Incensed, Porat would ultimately file a $25 million defamation suit in May of 2019 against his former school and President Englert, an action that would unwittingly result in a series of depositions and disclosures of records that would would help the FBI and the U.S. Attorney General bring their case before a grand jury.

‘TEMPLE TOOK AWAY THE JOB I LOVED, DAMAGED MY HEALTH, AND DESTROYED MY REPUTATION’

“The administration at Temple took away the job I loved, damaged my health, and destroyed my reputation and the legacy of my life’s work I spent decades building,” Porat said in a lengthy statement when he filed his lawsuit. “They did this with a false narrative invented for its expediency in public relations — and to deflect attention from the University’s own role in all of this. I have been made a scapegoat.”
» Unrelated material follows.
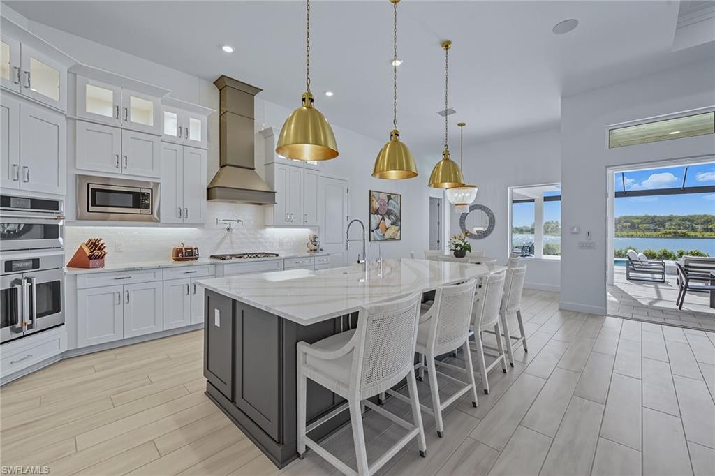 Experience modern luxury and breathtaking wide-water vistas from this magnificent newly built and fully furnished two-story residence in the popular gated community of Esplanade by the Islands. Completed in 2024, this better-than-new masterpiece was designed to capture unobstructed lake views from nearly every room-offering a serene and elegant backdrop for everyday living. Exquisite craftsmanship is evident throughout, with extensive millwork, refined finishes, and upgraded landscaping and lighting that elevate its exceptional curb appeal. Featuring four bedrooms plus a den, four full and two half baths, and a three-car garage, this residence seamlessly combines sophistication, comfort and functionality. Go through impressive impact-rated double doors into an open-concept living space highlighted by tray ceilings, designer chandeliers, transom windows and recessed lighting. The great room showcases a shiplap accent wall, built-in fireplace, and expansive glass sliders that open to the lanai for effortless indoor-outdoor living. The gourmet kitchen is a chef’s dream, complete with white shaker cabinetry, in- and under-cabinet lighting, quartz counters, white subway tile backsplash, dual beverage refrigerators and GE Café stainless appliances, including a natural gas cooktop. A large island with pendant lighting and an adjacent dining area create an inviting space for gatherings. The den, accented with French doors and a shiplap feature wall, offers a private workspace or cozy retreat. The primary suite is a peaceful sanctuary with panoramic pool and lake views, lanai access, dual walk-in closets and a spa-inspired bath featuring a soaking tub, dual quartz vanities and a frameless glass shower. Two main-level guest suites each offer walk-in closets and beautifully appointed en-suite baths, one with pool access. Upstairs, a spacious loft serves as an additional living and entertainment area, complete with a sleek wet bar featuring quartz counters, GE stainless appliances (mini refrigerator, dishwasher, microwave and sink), and an adjacent powder bath. A private guest bedroom with en-suite bath completes this level, providing a comfortable retreat with stunning lake views. The outdoor living area is an entertainer’s dream. Enjoy a panoramic screen enclosure, paver-tiled lanai, and a covered seating area with tongue-and-groove ceiling, recessed lighting, and a full outdoor kitchen complete with quartz counters and backsplash, grill, double-drawer refrigerator and island seating. Additional highlights include a wide brick-paver driveway, impact-resistant doors and windows, a tankless natural gas water heater, three Lennox air handlers, and a climate-controlled three-car garage with epoxy flooring, natural light and an air-conditioning mini split. Residents enjoy resort-style amenities, including a pool and spa, fitness center, pickleball and tennis courts, salon and spa services, and poolside dining at The Bahama Bar, with Culinary Center coming soon.

It took a team from the FBI, the US Department of Education Office of Inspector General, and the Postal Inspection Service several years to unravel the fraud. The indictment charges Porat with one count of conspiracy to commit wire fraud and one count of wire fraud. Gottlieb and O’Neill have each been charged with one count of conspiracy to commit wire fraud. If convicted, Porat faces a maximum possible sentence of 25 years in prison, followed by three years of supervised release, and a $500,000 fine. Gottlieb and O’Neill each face a maximum possible sentence of five years in prison, followed by three years supervised release; and a $500,000 fine.

“Moshe Porat knew that burnishing the MBA programs’ rankings would make Fox more competitive, bringing in more students and more dollars,” said Lilian S. Perez, assistant special agent in charge of the FBI’s Philadelphia Division in a statement. “Fudging the school’s data was a means to that end. But countless applicants, students, and donors made big decisions, financial decisions, based on the lies at the heart of this alleged conspiracy. This was an extended and extensive fraud, for which those involved must be held accountable.”

THE FORMER DEAN ‘LOOKS FORWARD TO DEFENDING HIMSELF’

Despite the mounting evidence against him, Porat seems determined to fight the charges until the end. His lawyer issued a statement Friday. “We are disappointed that, after cooperating with the government in its investigation, the United States Attorney’s Office decided to bring these charges, which Dr. Porat vigorously denies,” wrote Porat’s attorney Michael A. Schwartz.

“Dr. Porat dedicated forty years of his life to serving Temple University, first as a faculty member, and ultimately as Dean of the Fox Business School, and he did so with distinction. He looks forward to defending himself against these charges and to clearing his name.”